A friend of mine, a small bookish man with round glasses, once told me you don't get much raised consciousness among football players. I got it even then. We were working in a program with kids, under-privileged kids, kids who had been kicked their whole lives. The only self esteem these kids ever had was the occasional word of encouragement from their pimps or from their drug customers or suppliers. Maybe the occasional dinner at McDonalds with an abusive boyfriend. But here we were telling them that each of them was important, each of them was special, each of them had a gift to give the world that would make them feel worthy. We said that because we believed it.
But these kids, like most kids, live in the real world. The world that is still run by the baser natural instincts that remind us that, although we are one or two chromosomes apart from animals, those animal instincts still govern. The survival of the fittest is hard wired in our DNA. The winners of this primal social scale are the ones who are able, theoretically, to claim the biggest part of the kill, to claim the strongest mates, and to stand the best chance of shooting their genes into the next generation. The big kids, the strong kids, the attractive kids, still rule the play yard. They still rule the high school corridors in those times when the teachers or hall monitors are not watching. It hurts. Bullying hurts. But as sure as hens peck their way through the pecking order, children, teens, and adults will assault one another verbally and physically, openly when they can and slyly when they are being watched.
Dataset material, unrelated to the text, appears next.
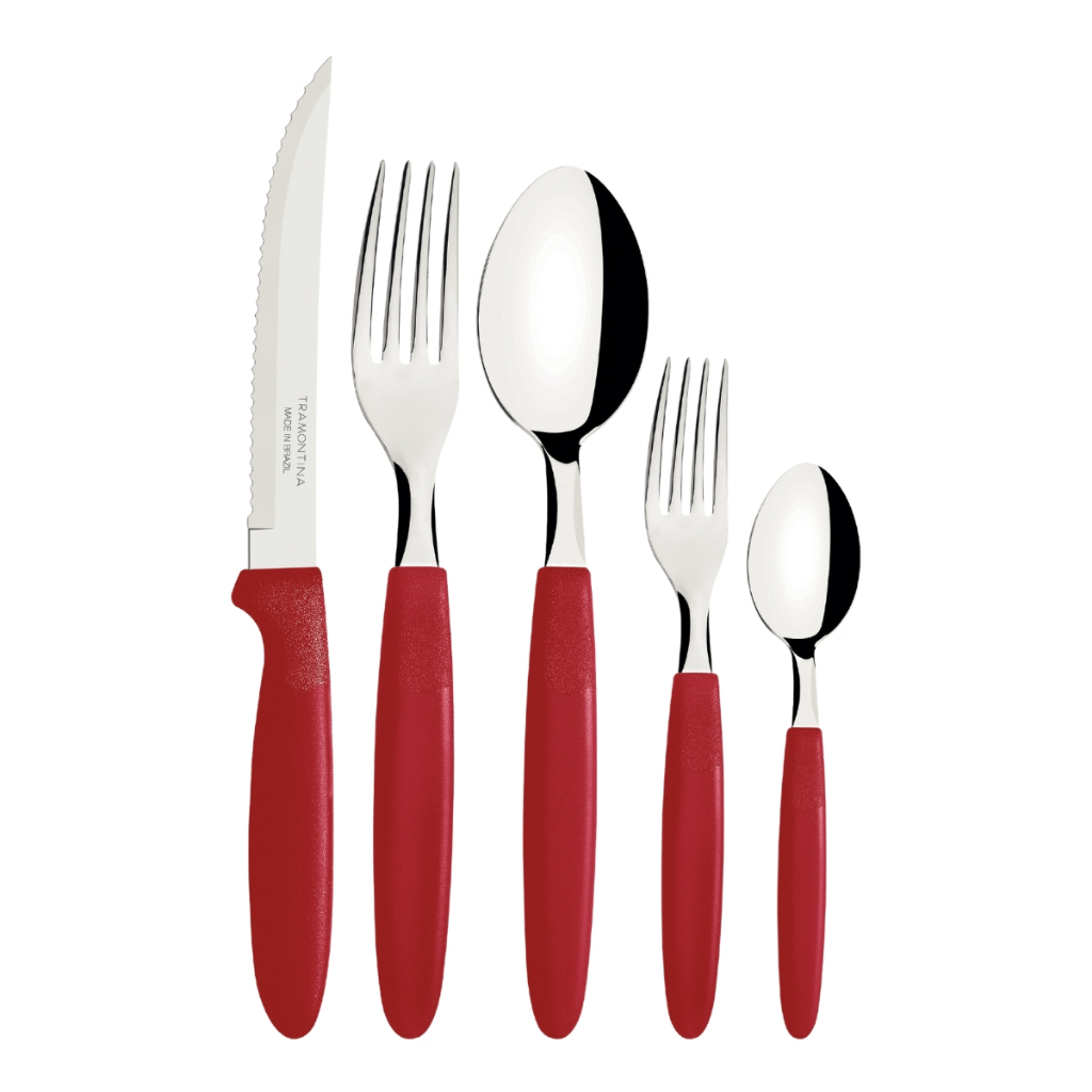 Jogo 60 Talheres Faqueiro Tramontina Faca Garfo Colher Vermelho

We as teachers, parents, and caring adults will always try to help. We teach the kids that they're all special and important. But I have come to realize that what they are really looking for, what we all are looking for, is whatever skills or attitudes it will take to pull themselves up to the next rung on the social scale. It's not enough merely to be accepted by whatever group we associate ourselves with. We want to be better than, the leader of in some way, the one admired by that group.
To take competition away from kids is to take away yet another opportunity for them to measure themselves and their personal growth. In rowing, in many sports, we all fit in in our place within the team or crew. We all look out for one another, we all pull our oar or guard our goal or do our part however it is defined. We all hope we're good enough. And we must all be given that golden opportunity to improve ourselves in comparison to others. We as humans are social creatures. I don't want to be chosen only because the big kid is being nice to me. I want to be chosen because I'm the best.
I suggest that it's time we take our ever so liberal heads out of the sand and face the reality of what both we and our kids have to deal with. Then I suggest that we put our kids, and ourselves, in any of the hundreds of positions where they or we can actually grow and be that person of importance. That means work. Not everyone can win in a race, but everyone can be known on their own team or crew as the one who gave it everything in the tank. We are handicapping our kids by giving prizes to everyone because they put in their best effort. They learn, very quickly, that they will get a prize even if they don't put in their best effort, and that's just not how life in the real world is going to treat them.
We need to put our kids, and ourselves, on the path to something attainable, but still out of reach. We need to give them all the tools necessary to succeed, or at least give them directions towards those tools. We need to direct them, encourage them, to work very, very hard towards the goal of their choice. Because, at the end of the day, nothing will get you to your goal, consequently to a level of competence wherein you are actually accepted and admired, like a solid direction and hard work.